Activity: Produce a verbatim copy of the data below that contains no pictures.

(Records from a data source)
----------

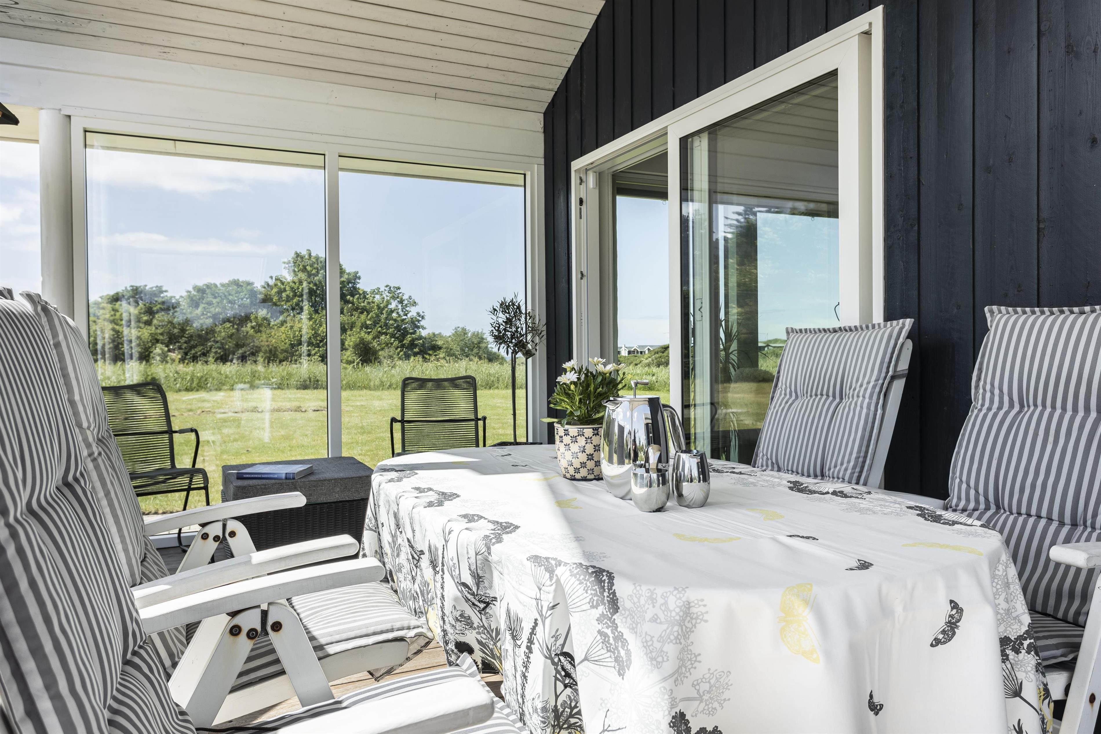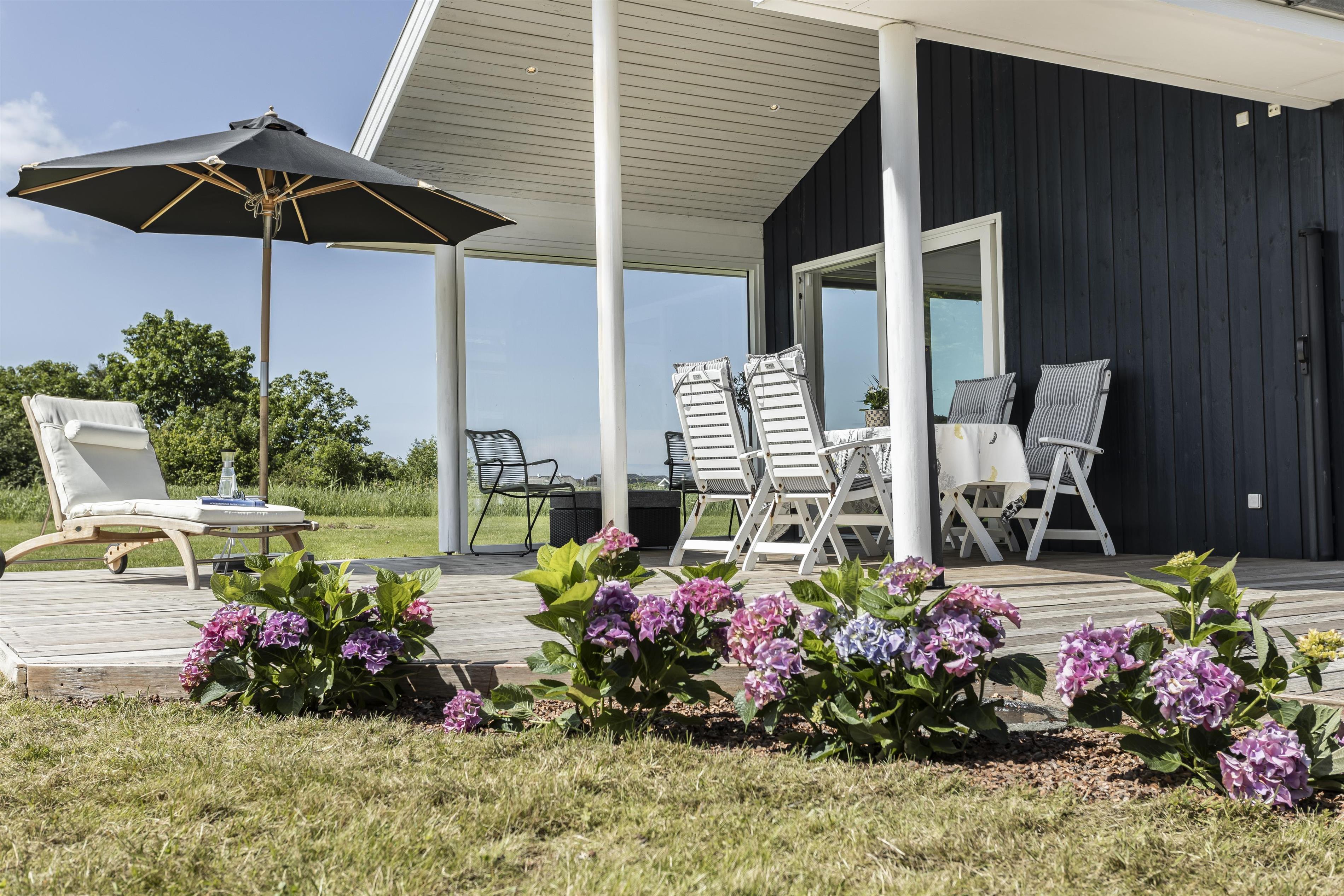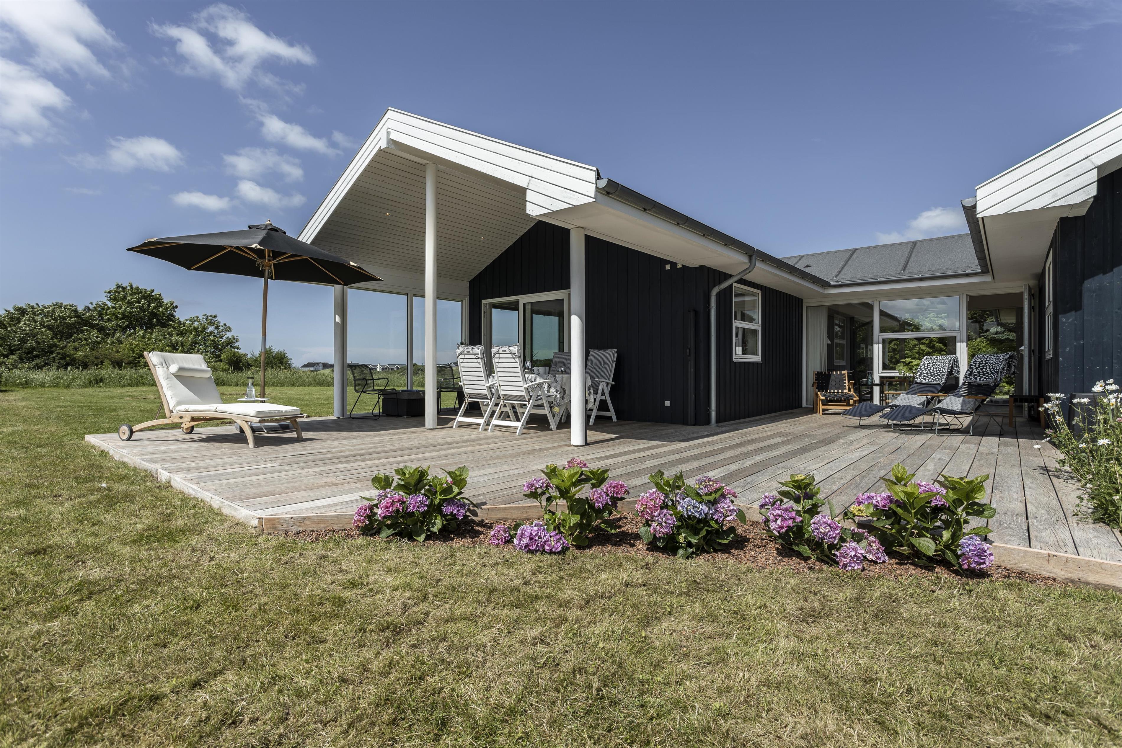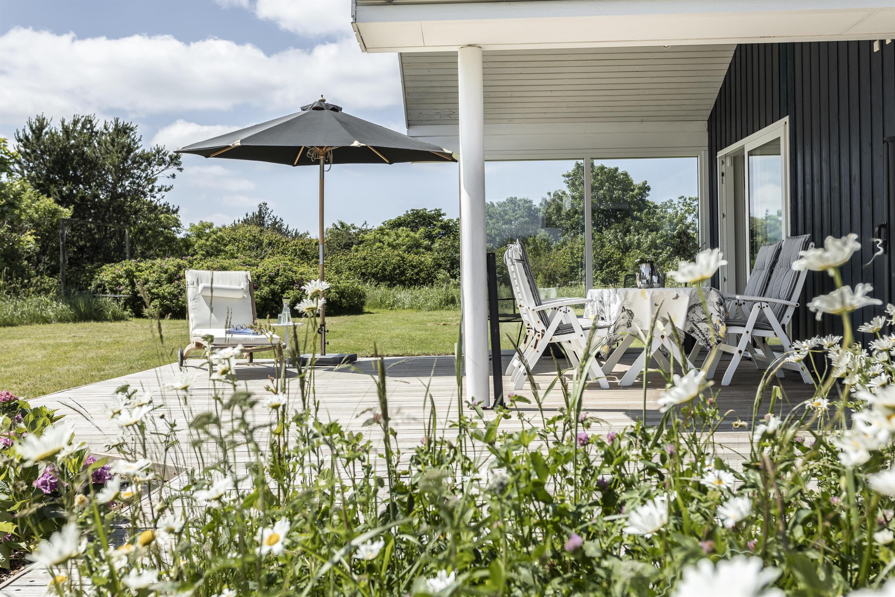 Das Ferienhaus ist von wunderschönen Terrassen umgeben, auf denen Sie den ganzen Tag die Sonne genießen und in Ruhe entspannen können. Genießen Sie Ihren Morgenkaffee in der frischen Meeresluft oder versammeln Sie die Familie für gemütliche Mahlzeiten auf der überdachten Terrasse – perfekt, wenn die Sonne einmal zu stark wird. Das Naturgrundstück vor dem Haus ist mit wilder Vegetation bewachsen und bietet einen beeindruckenden Blick auf die Umgebung und die Nordsee.
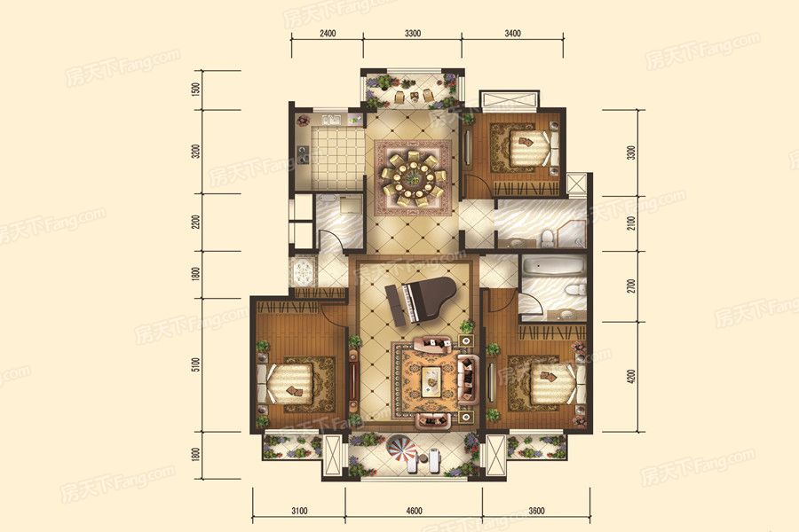 整体户型方正,活动区域开阔,居住舒适度高;全明通透户型,居住舒适度较高,整个空间采光充足,利于后期居住;整体空间布局合理,能够保证动静分离和居室通风,方便使用;客厅、卧室、卫生间和厨房等主要功能间的尺寸以及比例适中,有利于采光和通风,居住起来舒适、方便;公摊高于15%且低于25%,符合住宅公摊正常范围。
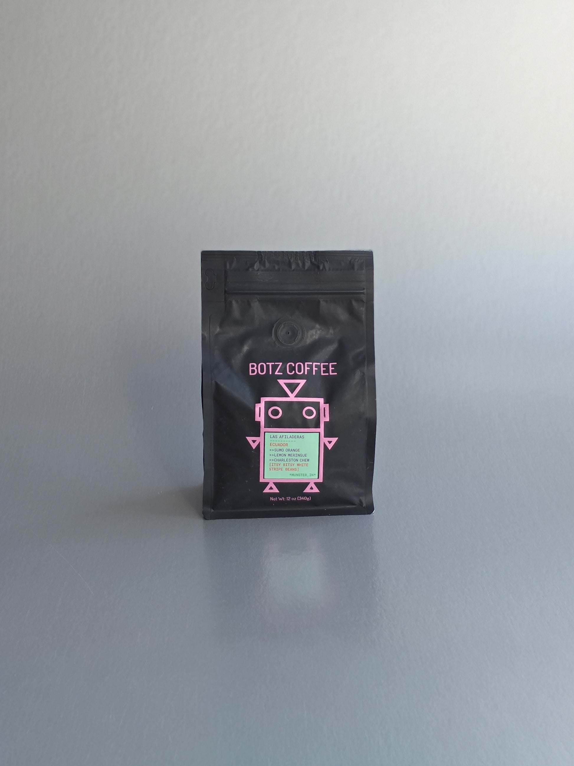Las Afiladeras offers a field blend comprising typica, caturra, and catucai. While we’re unfamiliar with catucai, we find bright characteristics of typica and caturra flourishing in the cup. Around this time of year, sumo oranges are in peak season, and BOTZ’s Mom adores them, so we’re quite familiar with their intense, heavy citrus sweetness. In the cup, you’ll experience a faint peachy flavor and citrus combo we find in the best glistening typica lots. We also get a super sugary caturra-like lemon bar sensation that reminds us of lemon meringue pie from Bakers Square (RIP). Lastly (and we find this very appealing across Ecuadorian coffees in general), there is a lovely “candy bar” finish to this coffee that grounds all the citrusy flavors preceding it. When BOTZ was a wee youngling, BOTZ’s Mom would freeze Charleston Chews (their peak form…trust), and we’d eat them for a quick dessert. That marshmallow-like (almost fluffernutter-esque) finish encourages frequent sips to get back to the flavor again and…again. Something to the itsy!
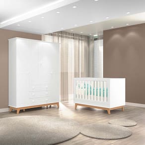 Transforme o quarto do seu bebê com o Quarto Infantil Duplo Tuboarte que acompanha Guarda-Roupas Henry e Berço Lucca. Fabricados 100% em MDF, o berço 2 em 1 se adapta ao crescimento do seu filho, e os pés estilo retrô trazem elegância. O guarda-roupas com 4 portas e 3 gavetas proporciona amplo espaço de armazenamento. Este conjunto oferece conforto, sofisticação e aconchego, criando um ambiente perfeito para o seu pequeno.
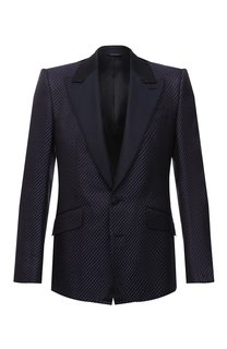 Темно-синий пиджак из осенне-зимней коллекции создан для торжественных приемов. Наши стилисты предлагают оттенить модель белой сорочкой, черными брюками и бабочкой. Лаконичные вещи помогут сконцентрироваться на сложной фактуре плотного шелкового жаккард...
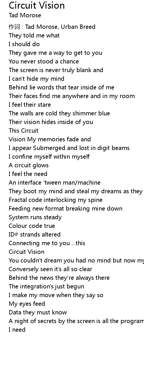 | You couldn't dream you had no mind but now my eyes see only what you feed me | |

----------

Task output:
 Das Ferienhaus ist von wunderschönen Terrassen umgeben, auf denen Sie den ganzen Tag die Sonne genießen und in Ruhe entspannen können. Genießen Sie Ihren Morgenkaffee in der frischen Meeresluft oder versammeln Sie die Familie für gemütliche Mahlzeiten auf der überdachten Terrasse – perfekt, wenn die Sonne einmal zu stark wird. Das Naturgrundstück vor dem Haus ist mit wilder Vegetation bewachsen und bietet einen beeindruckenden Blick auf die Umgebung und die Nordsee.
 整体户型方正,活动区域开阔,居住舒适度高;全明通透户型,居住舒适度较高,整个空间采光充足,利于后期居住;整体空间布局合理,能够保证动静分离和居室通风,方便使用;客厅、卧室、卫生间和厨房等主要功能间的尺寸以及比例适中,有利于采光和通风,居住起来舒适、方便;公摊高于15%且低于25%,符合住宅公摊正常范围。
Las Afiladeras offers a field blend comprising typica, caturra, and catucai. While we’re unfamiliar with catucai, we find bright characteristics of typica and caturra flourishing in the cup. Around this time of year, sumo oranges are in peak season, and BOTZ’s Mom adores them, so we’re quite familiar with their intense, heavy citrus sweetness. In the cup, you’ll experience a faint peachy flavor and citrus combo we find in the best glistening typica lots. We also get a super sugary caturra-like lemon bar sensation that reminds us of lemon meringue pie from Bakers Square (RIP). Lastly (and we find this very appealing across Ecuadorian coffees in general), there is a lovely “candy bar” finish to this coffee that grounds all the citrusy flavors preceding it. When BOTZ was a wee youngling, BOTZ’s Mom would freeze Charleston Chews (their peak form…trust), and we’d eat them for a quick dessert. That marshmallow-like (almost fluffernutter-esque) finish encourages frequent sips to get back to the flavor again and…again. Something to the itsy!
 Transforme o quarto do seu bebê com o Quarto Infantil Duplo Tuboarte que acompanha Guarda-Roupas Henry e Berço Lucca. Fabricados 100% em MDF, o berço 2 em 1 se adapta ao crescimento do seu filho, e os pés estilo retrô trazem elegância. O guarda-roupas com 4 portas e 3 gavetas proporciona amplo espaço de armazenamento. Este conjunto oferece conforto, sofisticação e aconchego, criando um ambiente perfeito para o seu pequeno.
 Темно-синий пиджак из осенне-зимней коллекции создан для торжественных приемов. Наши стилисты предлагают оттенить модель белой сорочкой, черными брюками и бабочкой. Лаконичные вещи помогут сконцентрироваться на сложной фактуре плотного шелкового жаккард...
 | You couldn't dream you had no mind but now my eyes see only what you feed me | |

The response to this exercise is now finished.